Exercise input:
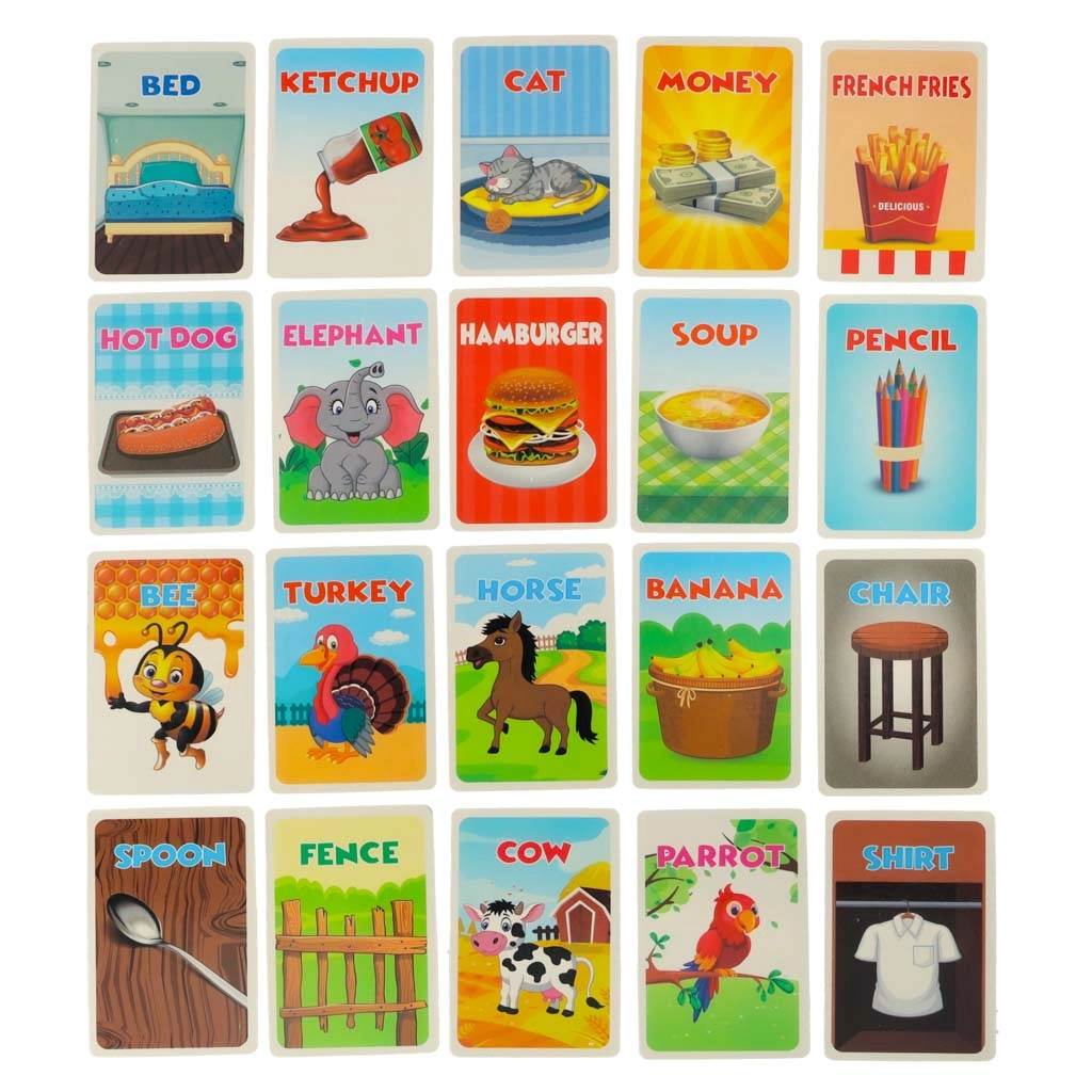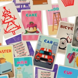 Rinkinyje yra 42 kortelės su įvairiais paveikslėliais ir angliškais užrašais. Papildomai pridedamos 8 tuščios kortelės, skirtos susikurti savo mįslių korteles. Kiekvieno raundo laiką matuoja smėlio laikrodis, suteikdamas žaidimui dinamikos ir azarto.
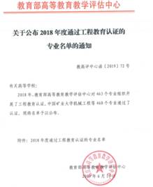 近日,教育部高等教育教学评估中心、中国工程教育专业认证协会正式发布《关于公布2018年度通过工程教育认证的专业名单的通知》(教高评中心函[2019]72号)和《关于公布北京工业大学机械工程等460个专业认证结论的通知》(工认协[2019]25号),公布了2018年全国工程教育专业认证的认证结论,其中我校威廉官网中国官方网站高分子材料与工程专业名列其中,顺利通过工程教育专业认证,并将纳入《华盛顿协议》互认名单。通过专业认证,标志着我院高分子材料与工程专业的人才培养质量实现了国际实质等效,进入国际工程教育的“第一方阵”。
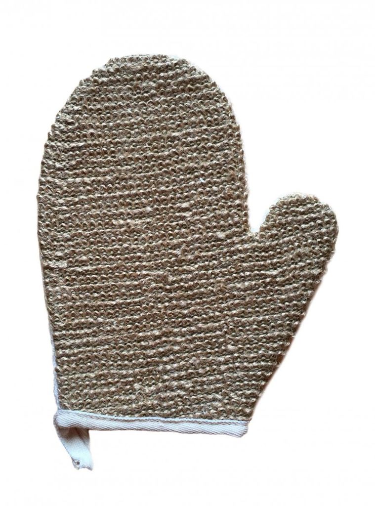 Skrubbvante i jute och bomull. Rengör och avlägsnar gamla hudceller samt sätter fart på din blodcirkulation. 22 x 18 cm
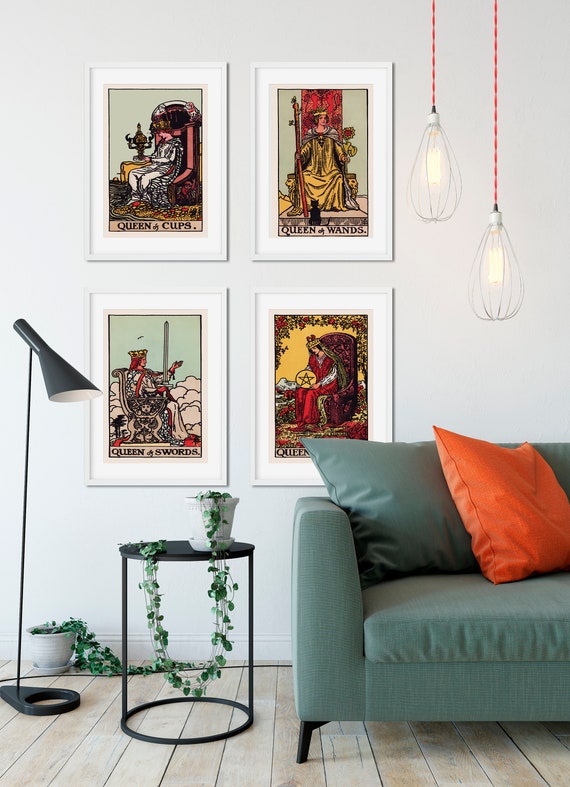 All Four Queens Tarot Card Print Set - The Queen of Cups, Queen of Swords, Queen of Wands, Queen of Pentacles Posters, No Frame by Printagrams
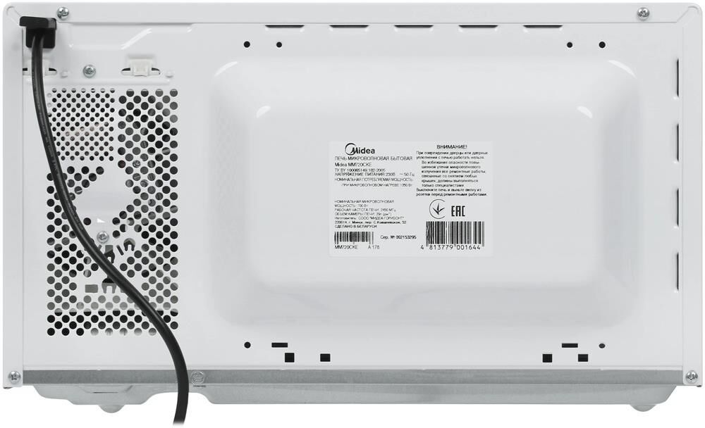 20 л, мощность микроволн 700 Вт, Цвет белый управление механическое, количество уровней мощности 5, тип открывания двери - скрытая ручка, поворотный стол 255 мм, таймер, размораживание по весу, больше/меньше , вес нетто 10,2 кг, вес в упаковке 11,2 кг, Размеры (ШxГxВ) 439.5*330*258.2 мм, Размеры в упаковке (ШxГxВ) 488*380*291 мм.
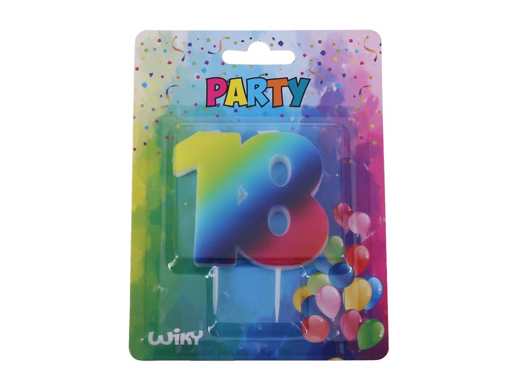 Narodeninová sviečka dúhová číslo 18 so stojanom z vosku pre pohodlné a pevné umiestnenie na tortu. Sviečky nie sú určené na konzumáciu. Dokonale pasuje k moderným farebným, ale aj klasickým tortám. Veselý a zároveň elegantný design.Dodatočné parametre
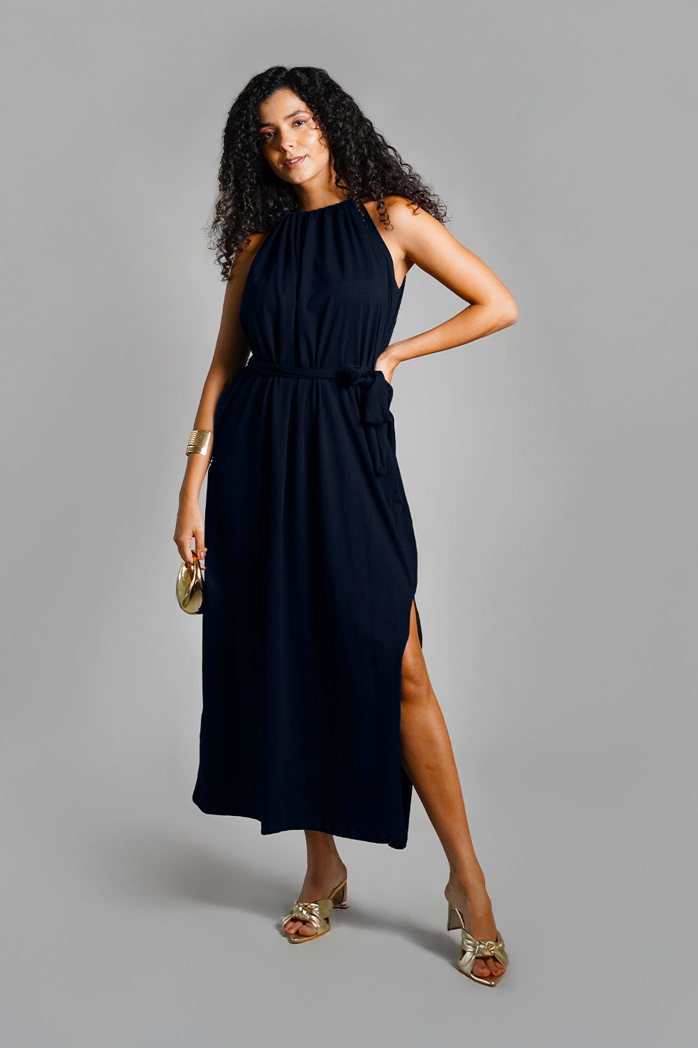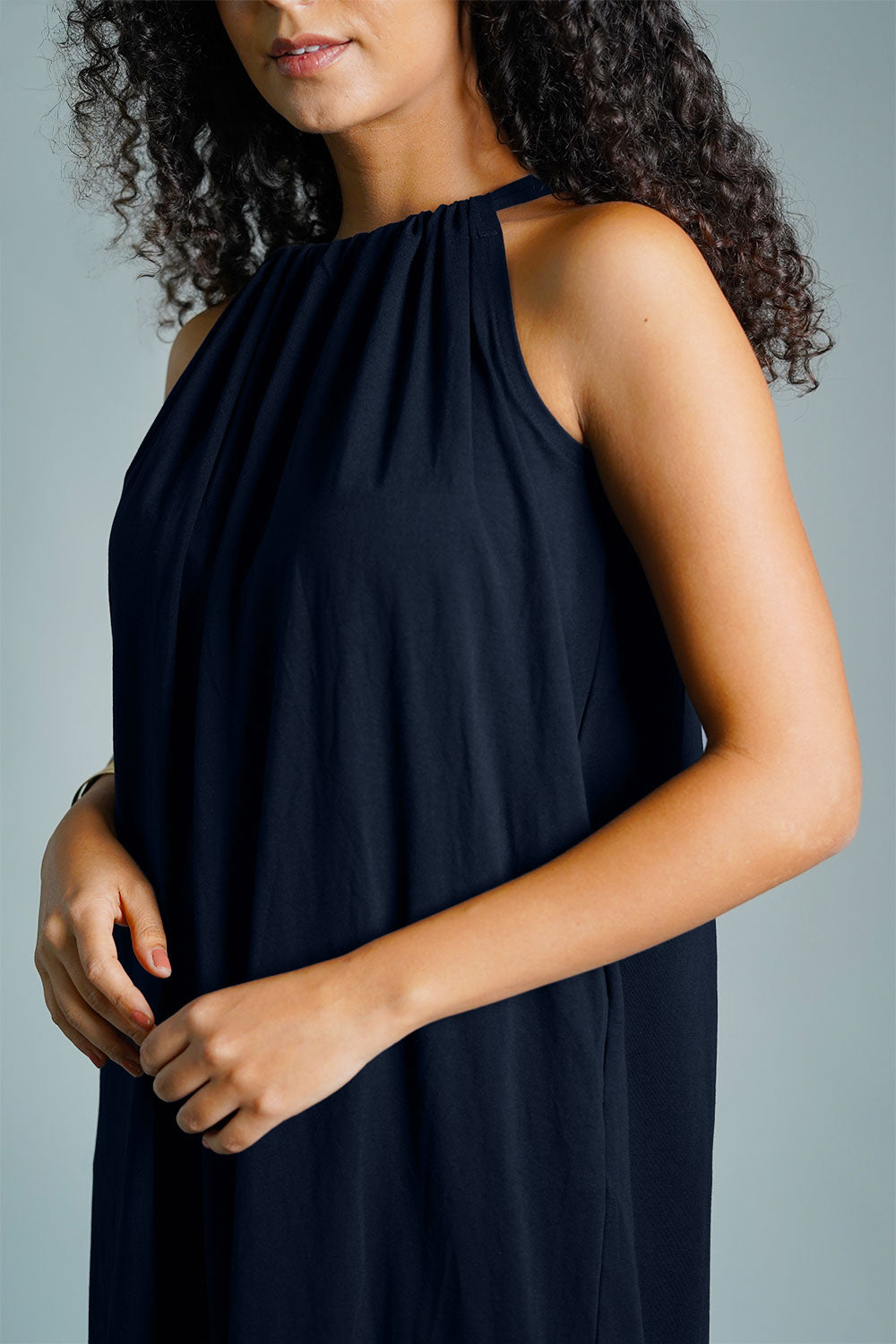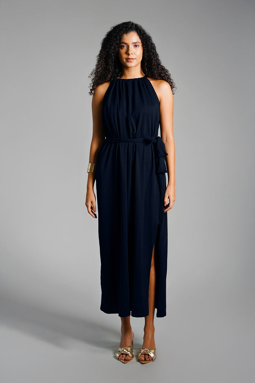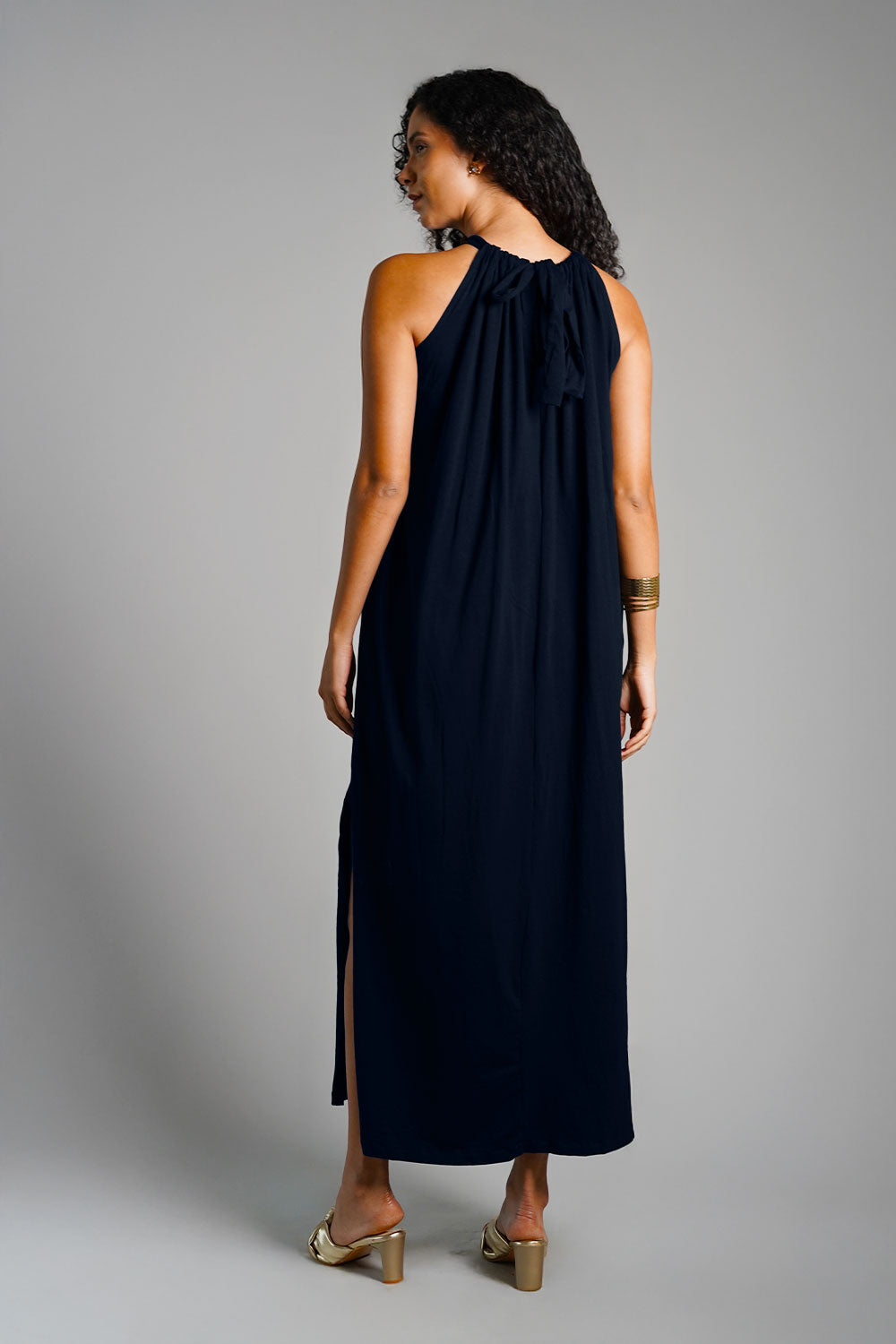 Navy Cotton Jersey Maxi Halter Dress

Task statement: Exactly the lines from the one with "All Four Queens" through the end of the entries above must be written out, and no pictures may be included.

Response to this task:
 All Four Queens Tarot Card Print Set - The Queen of Cups, Queen of Swords, Queen of Wands, Queen of Pentacles Posters, No Frame by Printagrams
 20 л, мощность микроволн 700 Вт, Цвет белый управление механическое, количество уровней мощности 5, тип открывания двери - скрытая ручка, поворотный стол 255 мм, таймер, размораживание по весу, больше/меньше , вес нетто 10,2 кг, вес в упаковке 11,2 кг, Размеры (ШxГxВ) 439.5*330*258.2 мм, Размеры в упаковке (ШxГxВ) 488*380*291 мм.
 Narodeninová sviečka dúhová číslo 18 so stojanom z vosku pre pohodlné a pevné umiestnenie na tortu. Sviečky nie sú určené na konzumáciu. Dokonale pasuje k moderným farebným, ale aj klasickým tortám. Veselý a zároveň elegantný design.Dodatočné parametre
 Navy Cotton Jersey Maxi Halter Dress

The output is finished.